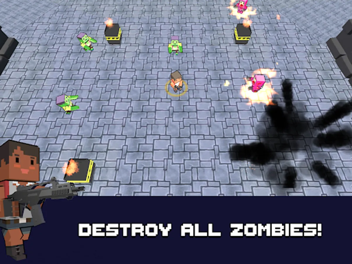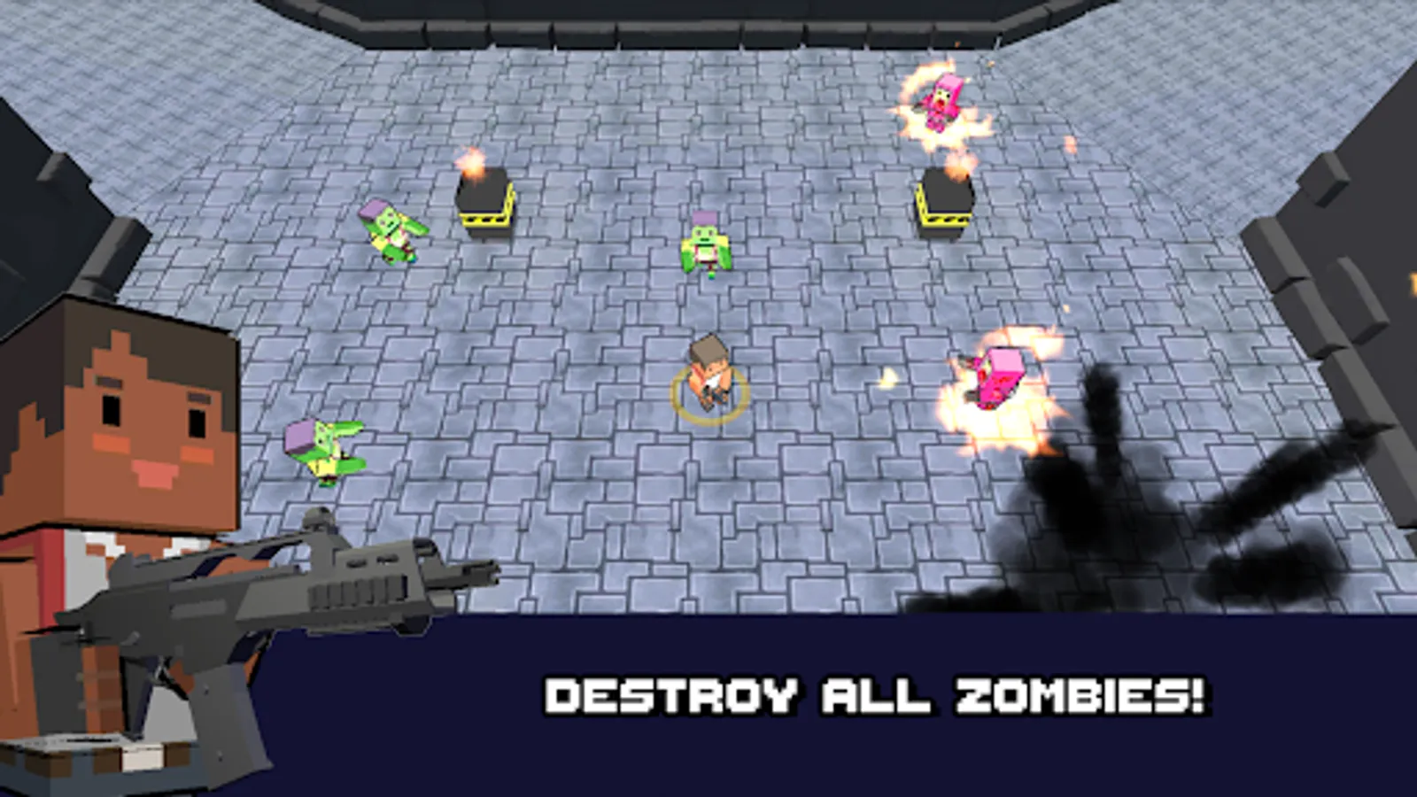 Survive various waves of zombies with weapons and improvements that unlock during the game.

--

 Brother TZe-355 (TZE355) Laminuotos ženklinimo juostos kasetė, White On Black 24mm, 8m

...

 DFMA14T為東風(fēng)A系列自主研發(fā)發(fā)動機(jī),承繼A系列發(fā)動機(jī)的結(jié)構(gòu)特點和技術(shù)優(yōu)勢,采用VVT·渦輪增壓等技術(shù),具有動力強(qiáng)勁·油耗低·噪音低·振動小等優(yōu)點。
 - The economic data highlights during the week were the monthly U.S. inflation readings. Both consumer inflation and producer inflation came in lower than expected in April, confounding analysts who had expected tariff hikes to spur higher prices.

(Work order): In the data above, which lines lie between the line with "DFMA14T為東風(fēn" and the line with "- The economic", inclusive? Print those lines exactly and nothing else.

(Answer space):
 DFMA14T為東風(fēng)A系列自主研發(fā)發(fā)動機(jī),承繼A系列發(fā)動機(jī)的結(jié)構(gòu)特點和技術(shù)優(yōu)勢,采用VVT·渦輪增壓等技術(shù),具有動力強(qiáng)勁·油耗低·噪音低·振動小等優(yōu)點。
 - The economic data highlights during the week were the monthly U.S. inflation readings. Both consumer inflation and producer inflation came in lower than expected in April, confounding analysts who had expected tariff hikes to spur higher prices.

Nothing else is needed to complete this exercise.